Dataset excerpt:
§
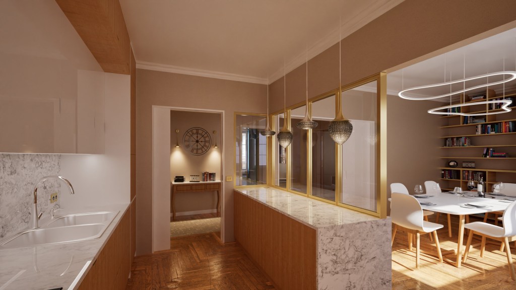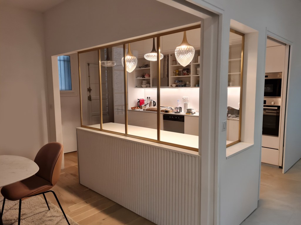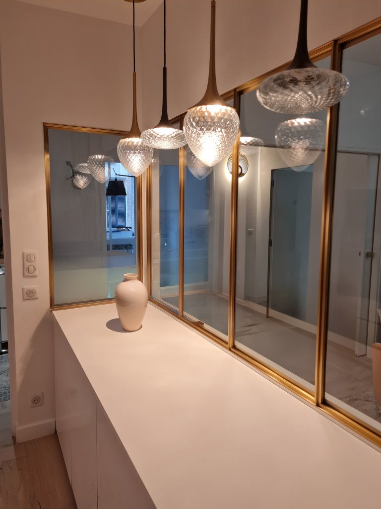 L’organisation spatiale repose sur un axe de circulation central autour duquel s’articulent les pièces de vie, favorisant une fluidité d’usage tout en maintenant une communication directe entre les espaces. La cuisine, ouverte sur la salle à manger via une cloison vitrée en laiton, reste connectée au salon grâce à deux grandes ouvertures encadrant un meuble télé réalisé sur mesure.
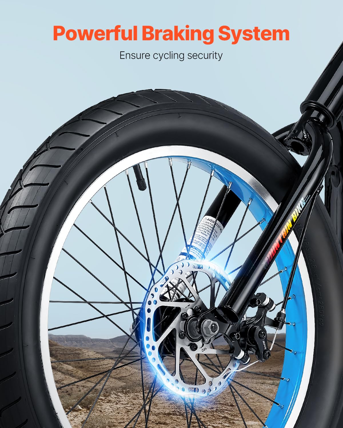 Wide Tires: Featuring 20-inch wide tires, this mountain bike provides excellent traction and stability. Ideal for a range of activities, from park rides and countryside adventures to daily commuting, ensuring a secure and fun cycling experience
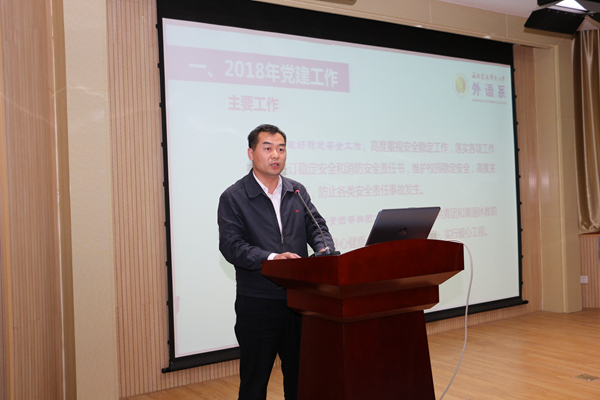 系党委书记李万强对外语系2018年党建工作做了安排部署,并对解放思想大讨论活动进行了动员讲话。他指出,2018年外语系党委要深入贯彻落实党的十九大精神,以习近平新时代中国特色社会主义思想为指导,坚持立德树人根本任务,落实全面从严治党主体责任,充分发挥系党委的政治核心作用,全面推进党的政治建设、思想建设、组织建设、作风建设、纪律建设,把制度建设贯穿其中,抓严反腐倡廉建设,为外语系事业发展和公司“双一流”建设提供坚强政治保证。李万强强调,全体教师要站在公司“双一流”建设的高度,深刻认识解放思想大讨论活动的重要意义,进一步摆脱思维定式,在解放思想中解决问题,在解决问题中解放思想。各教研室、党支部要做好大讨论的组织工作,坚持务实与务虚相结合,突出主题,把握重点,围绕实际组织开展讨论,防止走过场,杜绝形式主义,做到讨论有记录、有总结、有宣传,做到保证时间、人人参与、全员讨论,把解放思想大讨论与推进外语系发展结合起来,切实解决制约外语系发展的关键问题。
§
Exercise objective:
The line containing "Wide Tires: Featuring" and every line after it, through the end of the data, are to be output exactly. Omit the pictures.

Task result:
 Wide Tires: Featuring 20-inch wide tires, this mountain bike provides excellent traction and stability. Ideal for a range of activities, from park rides and countryside adventures to daily commuting, ensuring a secure and fun cycling experience
 系党委书记李万强对外语系2018年党建工作做了安排部署,并对解放思想大讨论活动进行了动员讲话。他指出,2018年外语系党委要深入贯彻落实党的十九大精神,以习近平新时代中国特色社会主义思想为指导,坚持立德树人根本任务,落实全面从严治党主体责任,充分发挥系党委的政治核心作用,全面推进党的政治建设、思想建设、组织建设、作风建设、纪律建设,把制度建设贯穿其中,抓严反腐倡廉建设,为外语系事业发展和公司“双一流”建设提供坚强政治保证。李万强强调,全体教师要站在公司“双一流”建设的高度,深刻认识解放思想大讨论活动的重要意义,进一步摆脱思维定式,在解放思想中解决问题,在解决问题中解放思想。各教研室、党支部要做好大讨论的组织工作,坚持务实与务虚相结合,突出主题,把握重点,围绕实际组织开展讨论,防止走过场,杜绝形式主义,做到讨论有记录、有总结、有宣传,做到保证时间、人人参与、全员讨论,把解放思想大讨论与推进外语系发展结合起来,切实解决制约外语系发展的关键问题。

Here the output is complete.